So they are the reason for this visit to your doctor?
          it's the law !
r earch of against-indications especially for risk sports.
          prevent sudden death of the athlete.
In the absence of information, the medical certificate may be issued by your GP. Some federations or in the case of top athletes, you will be asked to go specifically to a sports doctor or a doctor approved by the same Federation.
usually different sports "at risk" of others. In this category are:
          motor sports
          combat sports with "KO" authorized
          air sports
          sports underwater
          mountaineering "cutting edge"
          sports using firearms
Skills and qualifications necessary for doctors are specified in the regulation of medical federations concerned.
The course of the consultation will be based on the age of the athlete, the sport practiced and the level of intended practice.
During this visit, the doctor is interested in personal and family history of the sport as well as popular sports and vaccination status. Medication must also be taken into account.
Clinical examination includes measuring height and weight, taking blood pressure and pulse rate at rest; cardiopulmonary auscultation and an examination of the musculoskeletal system adapted to the sport.

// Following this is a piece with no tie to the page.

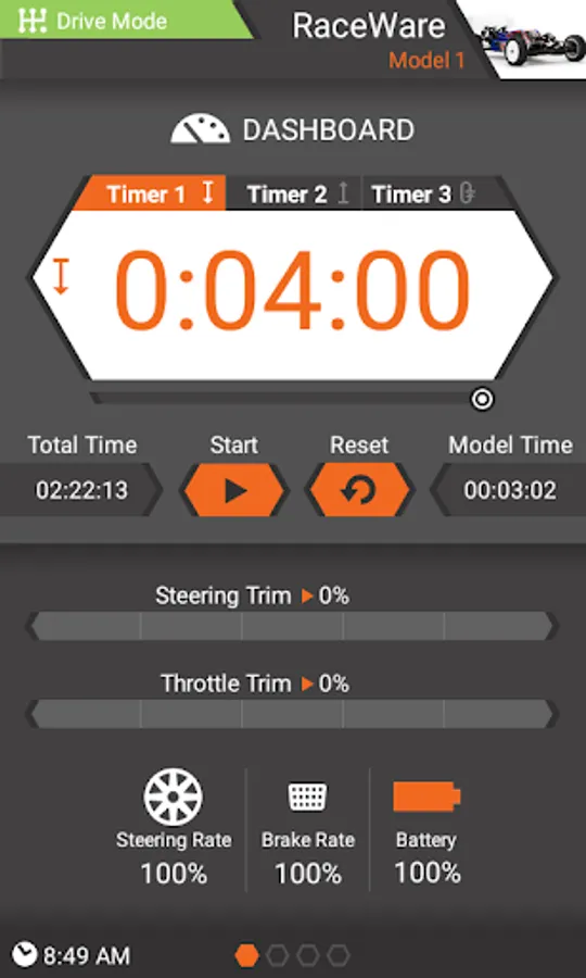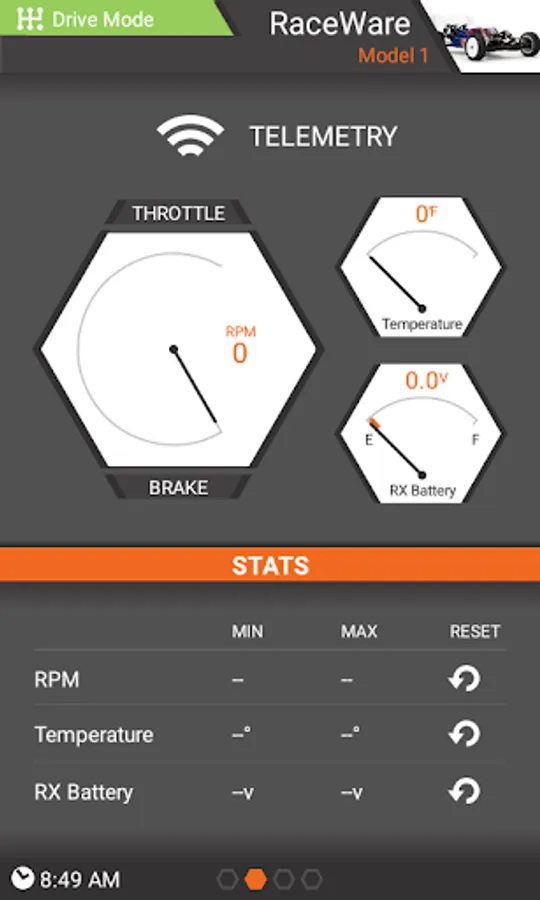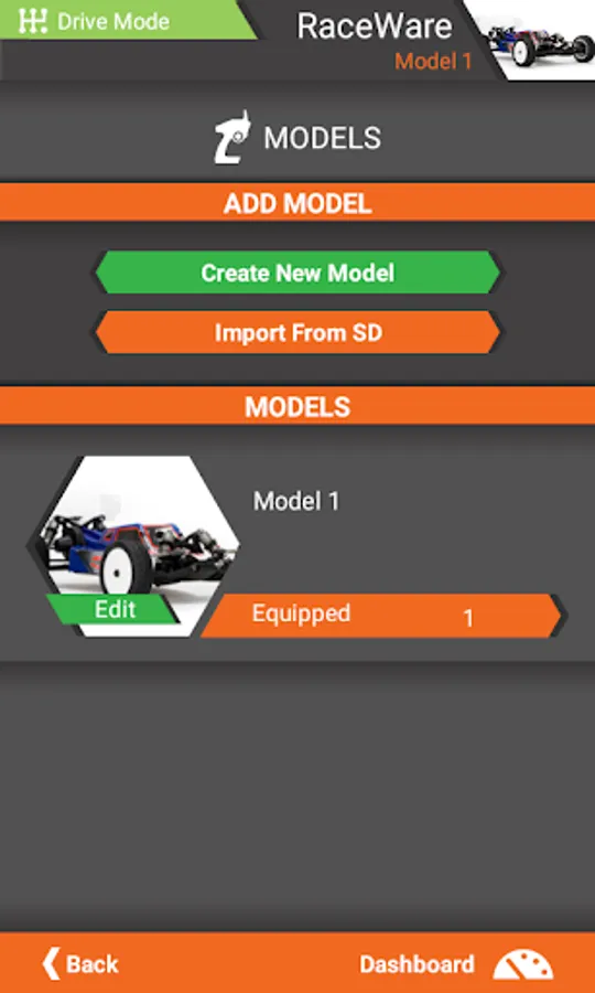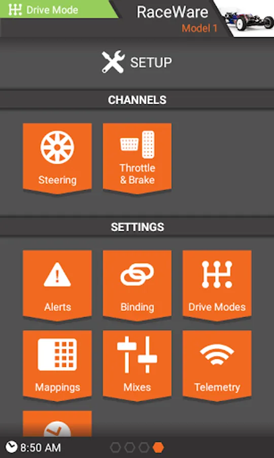 The Spektrum RaceWare™ application unlocks the programmability of your Spektrum DX6R and allows you to setup new models, monitor real-time telemetry data and much more. The intuitive interface allows you to easily manage all of vehicle using dedicated programming menus while providing the opportunity to customize the interface with color changes and the upload of images for each of your vehicles. Simply scroll to the correct screen to setup a new model, dial in an existing model or make advanced changes such as drive mode selection, customer steering curves and more. The RaceWare™ app allows you to dial in your vehicles performance and customize the interface using the following programming options;

In children, one should check the height and weight growth curve and pubertal status. It is particularly interested in the study of the spine in static and dynamic. We often have to discuss upgrade (no problem in general for the simple but require examination and further questioning to double or even triple).
We study the cardiac adaptation to effort by the firm carrying out a test Ruffier-Dickson: 30 crunches 45 '' flat feet and arms outstretched. We take the resting pulse (P1) at the end of the effort (P2) and after a minute of rest (P3). Is then calculated:
 
The Index Ruffier = (P1 P2 P3) - 200/10
Depending on the results, one class diagram:
  • R <0: good adaptation to effort
  • 0 <R <5: good adaptation to effort
  • 5 <R <10: adaptation to the average stress
  • 10 <R <15: adaptation to the insufficient efforts
  • R> 15: poor adaptation to the effort with additional cardiac evaluation to achieve
The index of Dickson = ((P2-70) 2 (P1-P3)) / 10
 
the results are classified into:
  • D <0: excellent
  • 0 <D <2: very good
  • 2 <D <4: good
  • 4 <D <6: Average
  • 6 <D <8: low
  • 8 <D <10: very low
  • D> 10: mismatch with additional cardiac evaluation to achieve
The systematic implementation of an electrocardiogram (ECG) screening does not unanimously in France but is recommended by many sports associations and learned societies of sports medicine. It should be made ??upon delivery of the first sports license, regardless of age, and every 2 years.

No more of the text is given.